▸ PROBLEM DETAILS: Excluding pictures, what does the listing below contain from the line with "Sweater in lightweight" up to and including the line with "People walk along", word for word?
⁂
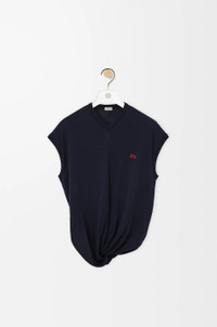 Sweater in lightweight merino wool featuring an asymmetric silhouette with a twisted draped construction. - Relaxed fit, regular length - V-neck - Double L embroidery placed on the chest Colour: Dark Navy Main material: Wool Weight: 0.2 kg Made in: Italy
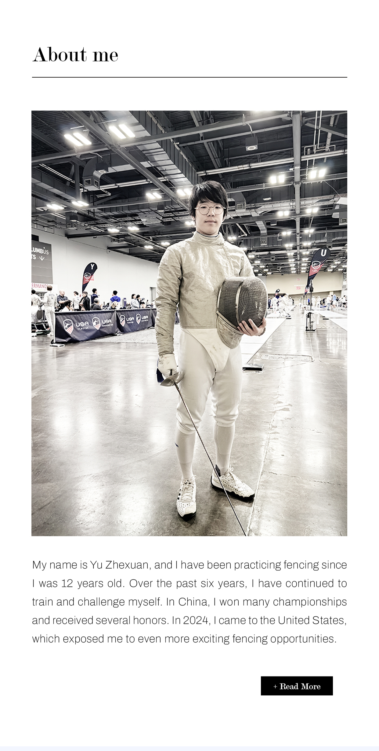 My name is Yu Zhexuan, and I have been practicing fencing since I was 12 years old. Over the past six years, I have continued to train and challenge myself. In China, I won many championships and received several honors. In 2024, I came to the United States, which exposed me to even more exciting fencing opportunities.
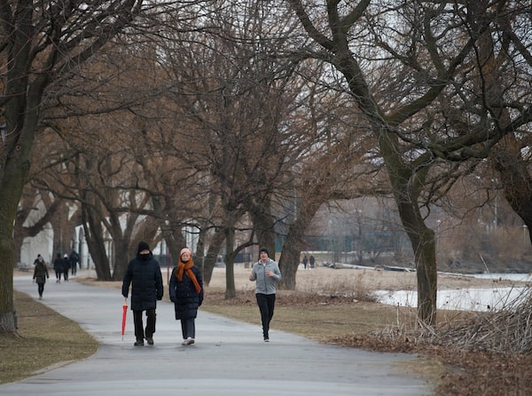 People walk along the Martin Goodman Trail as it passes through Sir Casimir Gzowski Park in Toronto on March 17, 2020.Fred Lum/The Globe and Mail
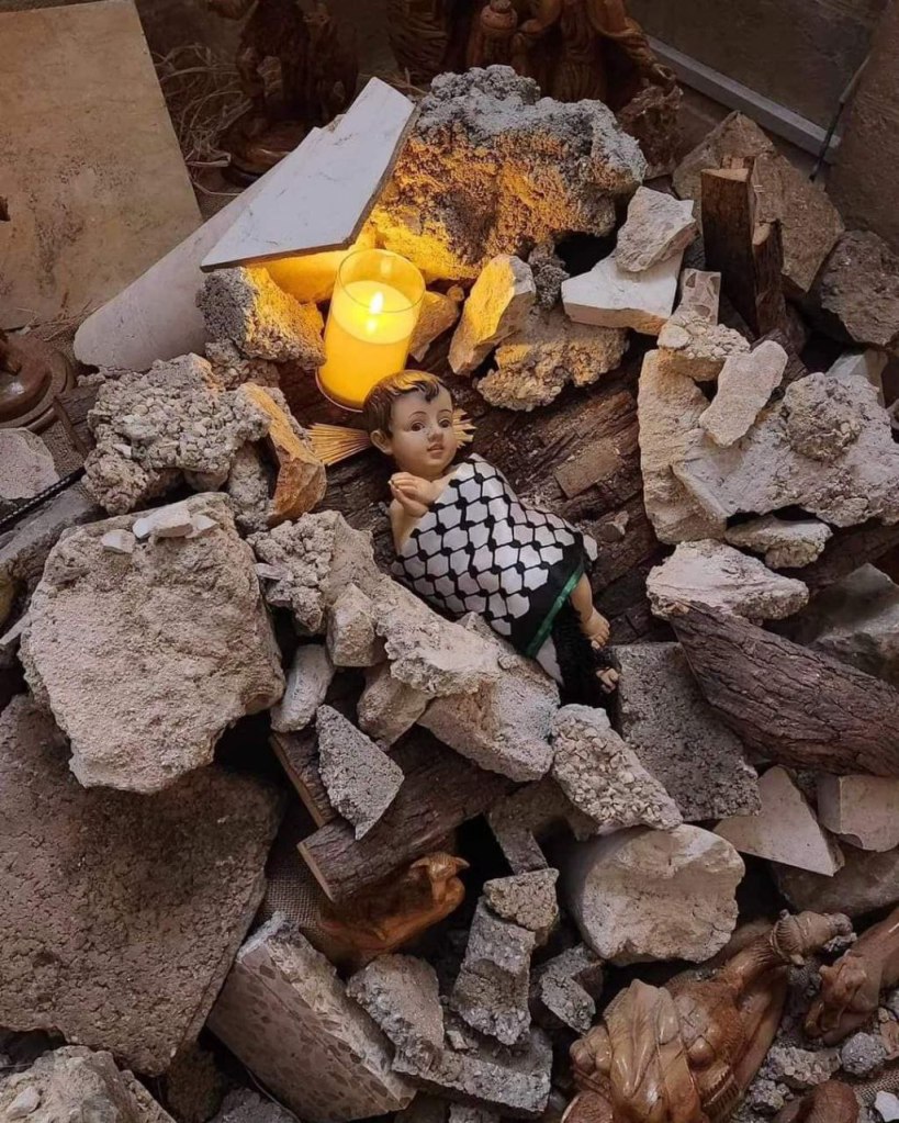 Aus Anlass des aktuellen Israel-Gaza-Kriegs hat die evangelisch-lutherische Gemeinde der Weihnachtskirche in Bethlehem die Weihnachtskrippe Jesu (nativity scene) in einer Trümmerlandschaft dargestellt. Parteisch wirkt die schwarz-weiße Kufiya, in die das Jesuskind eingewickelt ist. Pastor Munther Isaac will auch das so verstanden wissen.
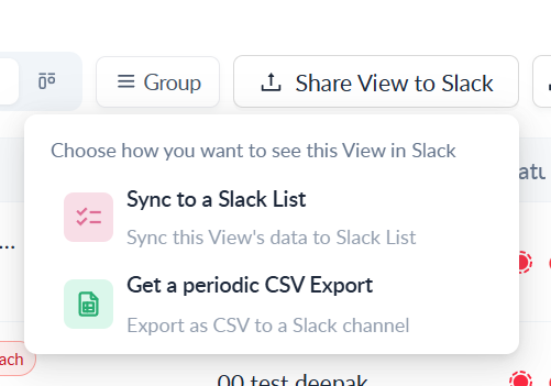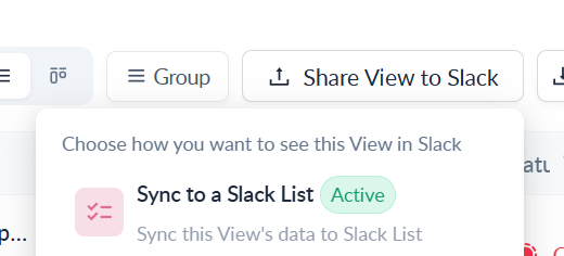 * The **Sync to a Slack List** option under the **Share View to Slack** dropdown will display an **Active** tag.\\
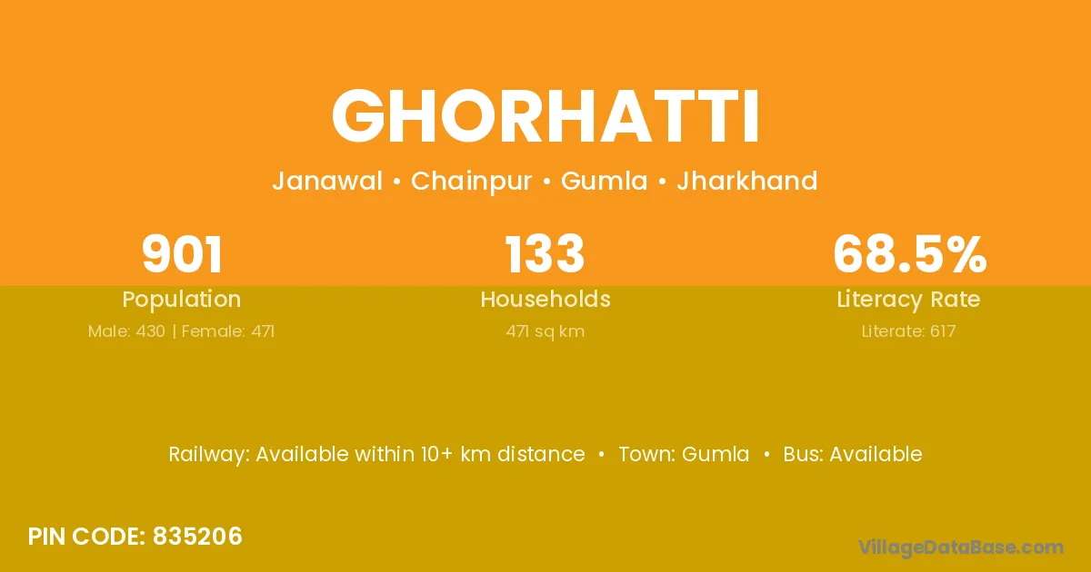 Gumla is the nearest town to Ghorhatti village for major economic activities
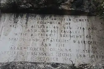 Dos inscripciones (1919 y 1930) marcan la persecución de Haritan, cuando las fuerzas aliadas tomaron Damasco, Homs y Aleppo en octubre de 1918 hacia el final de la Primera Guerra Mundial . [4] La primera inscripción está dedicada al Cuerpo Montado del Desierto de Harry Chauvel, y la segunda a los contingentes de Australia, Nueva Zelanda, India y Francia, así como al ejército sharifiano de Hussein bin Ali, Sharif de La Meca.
⁂
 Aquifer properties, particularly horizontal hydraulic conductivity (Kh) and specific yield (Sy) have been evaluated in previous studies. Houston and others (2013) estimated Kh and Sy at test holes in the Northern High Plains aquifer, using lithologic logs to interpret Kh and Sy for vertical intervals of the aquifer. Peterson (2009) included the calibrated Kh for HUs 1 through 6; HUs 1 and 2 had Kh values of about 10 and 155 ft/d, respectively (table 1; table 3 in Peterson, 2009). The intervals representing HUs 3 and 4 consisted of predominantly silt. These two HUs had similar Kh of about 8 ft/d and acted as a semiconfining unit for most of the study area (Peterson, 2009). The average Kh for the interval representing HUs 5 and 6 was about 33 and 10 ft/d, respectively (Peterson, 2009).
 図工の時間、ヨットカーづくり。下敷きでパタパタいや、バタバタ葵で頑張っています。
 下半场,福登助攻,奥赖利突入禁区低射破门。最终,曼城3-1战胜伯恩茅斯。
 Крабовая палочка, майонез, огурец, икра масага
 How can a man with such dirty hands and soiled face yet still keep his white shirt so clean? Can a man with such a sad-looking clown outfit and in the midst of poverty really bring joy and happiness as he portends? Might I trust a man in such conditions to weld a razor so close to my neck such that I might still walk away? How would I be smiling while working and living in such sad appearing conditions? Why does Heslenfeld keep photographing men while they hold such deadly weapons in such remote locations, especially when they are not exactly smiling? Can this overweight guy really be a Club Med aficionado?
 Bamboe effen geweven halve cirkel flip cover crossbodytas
⁂
▸ ANSWER TO THIS EXERCISE:
 Sweater in lightweight merino wool featuring an asymmetric silhouette with a twisted draped construction. - Relaxed fit, regular length - V-neck - Double L embroidery placed on the chest Colour: Dark Navy Main material: Wool Weight: 0.2 kg Made in: Italy
 My name is Yu Zhexuan, and I have been practicing fencing since I was 12 years old. Over the past six years, I have continued to train and challenge myself. In China, I won many championships and received several honors. In 2024, I came to the United States, which exposed me to even more exciting fencing opportunities.
 People walk along the Martin Goodman Trail as it passes through Sir Casimir Gzowski Park in Toronto on March 17, 2020.Fred Lum/The Globe and Mail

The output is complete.